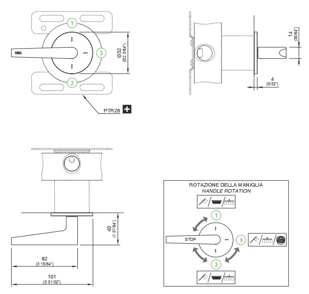 CEA Flag Przełącznik ścienny 2/3-drożny element zewnętrzny Satin Stainless Steel DEV16S
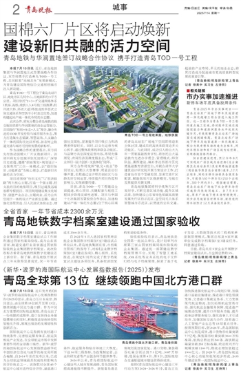 本报7月13日讯 近日,青岛地铁集团与华润置地正式签署战略合作协议,双方将携手打造青岛TOD一号工程,共同探索“站城共生”发展新模式,为青岛建设国际性综合交通枢纽城市注入新动能。
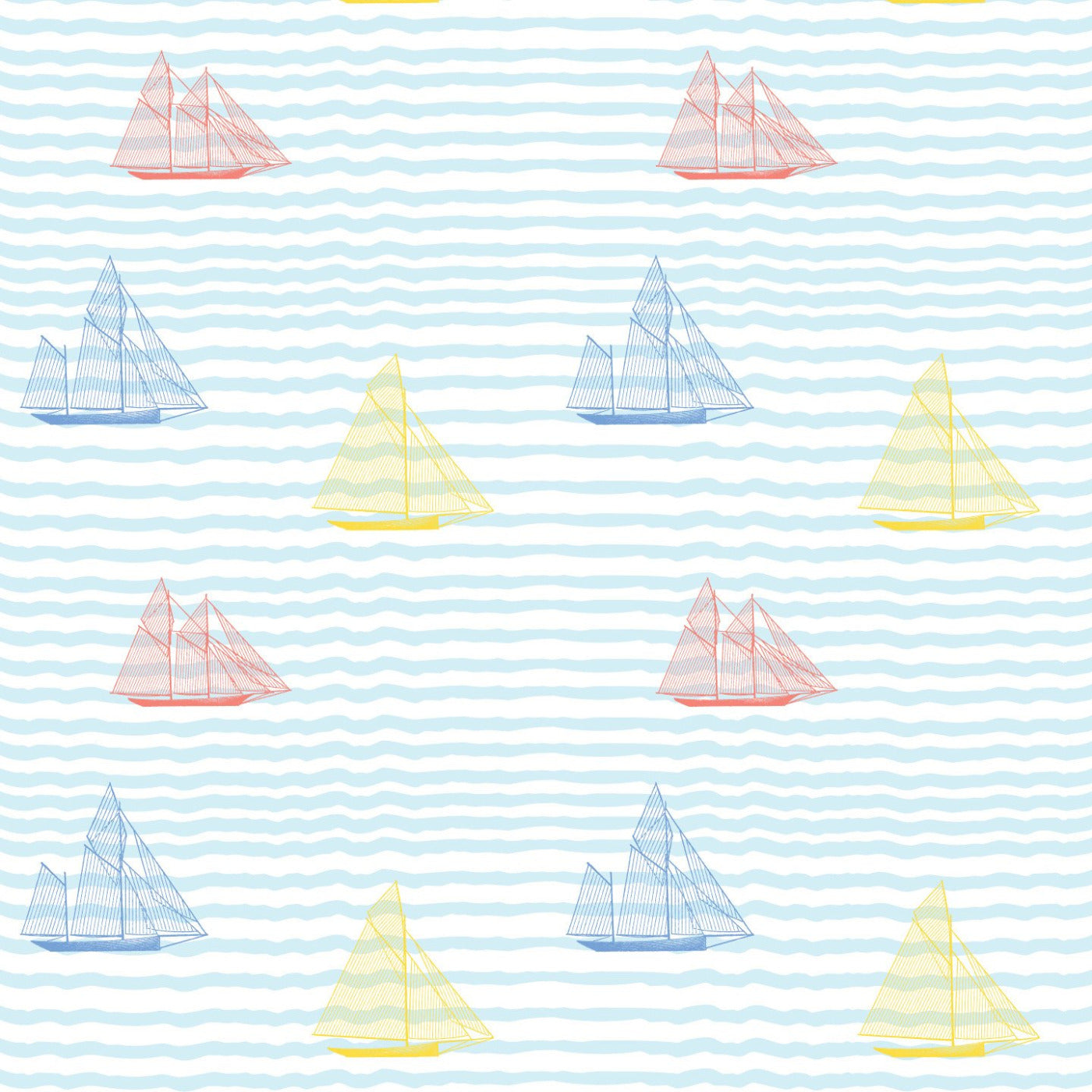 Simple, sweet, and timeless - this coastal nursery wallpaper showcases sailboats that sail across wave patterns. The linear simplicity keeps things serene, and the nautical theme feels effortlessly timeless.
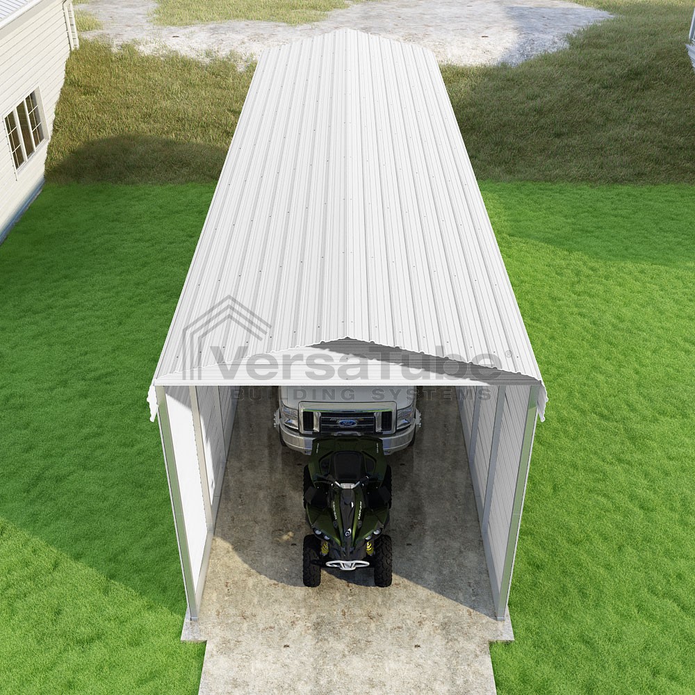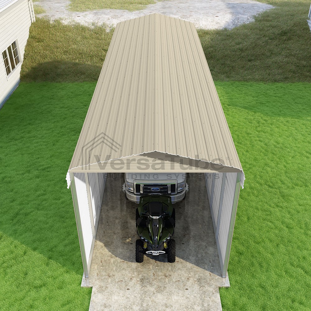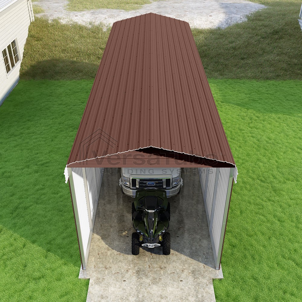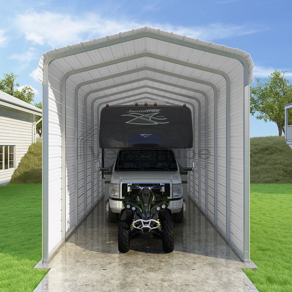 Classic Series DIY carport kit features horizontal application of sheet metal panels with the extra protection of rounded eaves.
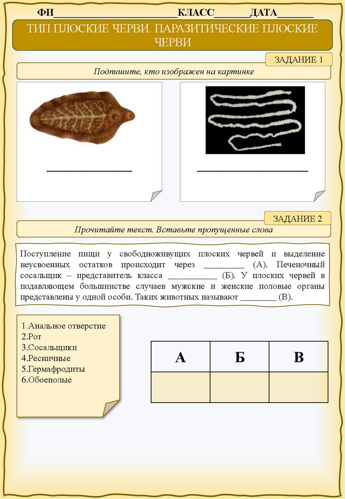 ФИ________________________КЛАСС_______ДАТА_______ТИП ПЛОСКИЕ ЧЕРВИ. ПАРАЗИТИЧЕСКИЕ ПЛОСКИЕ

_ _ _

## How to complete this task:
Nothing but the pictures is to be left out; repeat the data exactly.

## Reply:
 CEA Flag Przełącznik ścienny 2/3-drożny element zewnętrzny Satin Stainless Steel DEV16S
 本报7月13日讯 近日,青岛地铁集团与华润置地正式签署战略合作协议,双方将携手打造青岛TOD一号工程,共同探索“站城共生”发展新模式,为青岛建设国际性综合交通枢纽城市注入新动能。
 Simple, sweet, and timeless - this coastal nursery wallpaper showcases sailboats that sail across wave patterns. The linear simplicity keeps things serene, and the nautical theme feels effortlessly timeless.
 Classic Series DIY carport kit features horizontal application of sheet metal panels with the extra protection of rounded eaves.
 ФИ________________________КЛАСС_______ДАТА_______ТИП ПЛОСКИЕ ЧЕРВИ. ПАРАЗИТИЧЕСКИЕ ПЛОСКИЕ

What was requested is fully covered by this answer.